I'm kind of surprised that almost 20 years later I'm still using the same programming language. I really expected something significantly better to come along. Scala, Erlang, and Clojure all have made a good case--but they don't really bring anything to the table that warrants me switching completely in the general case. Scala was WAY too much mental model inload for me. Erlang didn't handle dynamic hash tables well enough for the amount of time you use them in programming (I tell my classes--70% of the time use a hash table; 30% of the time use a vector). Clojure was quite nice and probably made the best case, but it just wasn't better enough than Python for me to spend the time making it my primary language.

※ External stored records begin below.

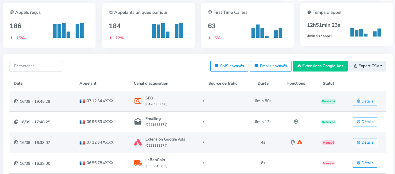 Oui, grâce aux alertes SMS à l’appelant, vous pouvez rassurer immédiatement vos prospects.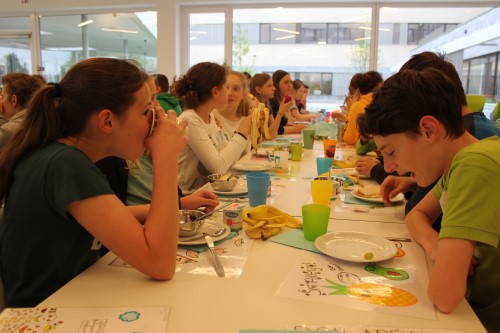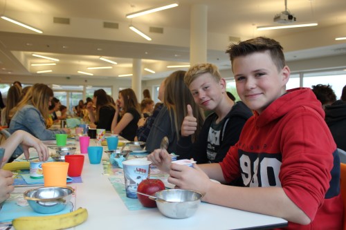 Ook dit jaar organiseerden de leerkrachten natuurwetenschappen een gezond ontbijt voor de leerlingen van het eerste jaar. “We doen dit om de kinderen te tonen hoe je, op een heel eenvoudige manier, een gezond ontbijt kan maken”, vertelt leerkracht Ester Enkels. “We merken op school immers dat er vaak niet of onvoldoende ontbeten wordt; hier laten we kijken en smaken hoe het wel kan. Hartelijk dank aan alle vakcollega’s en ook aan collega’s mevrouw Meelberghs en mevrouw Stinckens die met de leerlingen van hun klas, 3.2 en 4.2, een handje kwamen toesteken om alles klaar te zetten en weer netjes op te ruimen.”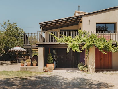 Hoy la casa, que cuenta con algo más de 200 metros cuadrados, dispone de una planta baja protagonizada por la cocina a medida –con salida al patio y conformada por muebles de acero inoxidable que contrastan con el estilo rústico de la finca y, además, reflejan la luz para dar mayor luminosidad– y un salón con chimenea y sofá en forma de trapecio hecho a medida, además de una zona de estar y un pequeño aseo. En la planta de arriba se despliega un salón de juegos bajo un precioso lucernario y un dormitorio, junto a un baño dividido con accesos independientes. Es decir, a un lado el inodoro junto al lavabo y, por otro, la ducha, que además tiene salida a una pequeña terraza donde también hay opción de ducharse al aire libre. Por último, unos peldaños más arriba, existe una última habitación, esta vez la de matrimonio, con salida a terraza. Las escaleras cuentan con una singular barandilla de rejilla de acero desarrollada por la compañía alemana Xtend, que otorga seguridad al tiempo que deja pasar la luz y aligera los espacios.

Side note: dynamic hash tables just hit Erlang THIS MONTH. So, that's probably not a good reason anymore.

Now, betcher sorry you asked that question, arn't cha? :)

> Side note: dynamic hash tables just hit Erlang THIS MONTH. So, that's probably not a good reason anymore.

What? Erlang's hashtables are called `ETS` and `DETS` and have been there since at least 1997.

What I believe you are referring to are `maps`, which while they have the syntax of scripting languages' hashes, are nothing but trees. Access is far from constant time. Then again Erlang had these a while ago. They are just adding syntax sugar and pattern matching.

I'm not getting into the maps/records/ets/mnesia debate. Yes, you could do it in Erlang, but it was clunky and verbose.

Maps are what people coming from other languages expect to see, and I wanted to point out that now Erlang has them.